How Is the Refractive Index Calculated from Apparent and Real Depths?

[SammyD97]

Homework Statement

Hi. I need help with homework. the correct answers have been provided in the question. one doesn't match with mine and the other does. I don't understand how the one answer can be correct when its dependent on my incorrect answer.

A transparent cube of 15cm edge contains a small air bubble. its apparent depth when viewed when viewed from one face of the cube is 6cm and when viewed from the opposite face is 4cm. what is the refractive index of the substance of the cube and what is the actual distance of the bubble from the first face.
Answers: Refractive index=1.5 real depth=9cm

Homework Equations

apparent depth/real depth=n2/n1

The Attempt at a Solution

6/real depth=n2/1
6=n2*real depth
rd=6/n2...(1) where rd=real depth

4/(15-rd)=n2/1
4=n2(15-rd)
4=15n2-n2*rd...(2)

substitute (1) into (2)
4=15n2-n2(6/n2)
4=15n2-6
10=15n2
n2=refractive index=2/3 (I thought the lowest refractive index was that in a vacuum where its 1)

6/real depth=2/3/1
6=2/3*real depth
real depth=9cm

 

[SammyS]

Homework Statement

Hi. I need help with homework. the correct answers have been provided in the question. one doesn't match with mine and the other does. I don't understand how the one answer can be correct when its dependent on my incorrect answer.
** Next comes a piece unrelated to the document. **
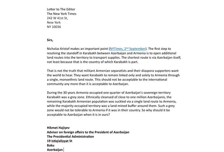 Bu məqalələrin hamısını, o cümlədən, NYT-ni yoxlayanda belə təəssürat yaranır ki, onların hamısı eyni hökumət studiyasında və ya erməni lobbisi və hökuməti tərəfindən maliyyələşdirilən PR şirkətində yazılıb”, - deyə paylaşımda bildirilib. (Trend)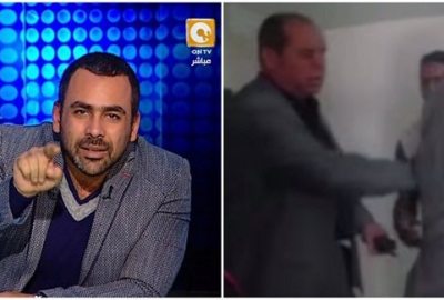 عرض الإعلامي، يوسف الحسيني، مقطع فيديو لرئيس حي المقطم “عبد السميع وهدان”، يدفع سيدة حاولت مقابلة محافظ القاهرة، قائلاً لها : مش هيسمعك.

A transparent cube of 15cm edge contains a small air bubble. its apparent depth when viewed when viewed from one face of the cube is 6cm and when viewed from the opposite face is 4cm. what is the refractive index of the substance of the cube and what is the actual distance of the bubble from the first face.
Answers: Refractive index=1.5 real depth=9cm

Homework Equations

apparent depth/real depth=n2/n1

The Attempt at a Solution

6/real depth=n2/1
6=n2*real depth
rd=6/n2...(1) where rd=real depth

4/(15-rd)=n2/1
4=n2(15-rd)
4=15n2-n2*rd...(2)

substitute (1) into (2)
4=15n2-n2(6/n2)
4=15n2-6
10=15n2
n2=refractive index=2/3 (I thought the lowest refractive index was that in a vacuum where its 1)

6/real depth=2/3/1
6=2/3*real depth
real depth=9cm

Hello SammyD97. Welcome to PF ! (I thought I should be first to reply considering our user names.)

Your second answer is correct, because you make the same mistake in arriving at both answers, but the effect is to compensate for the mistake made in getting the first one.

Check on what you have done as follows:
Use the correct index of refraction, 1.5, and use your method to predict the apparent distance, knowing that the true distance is 9 cm from a surface.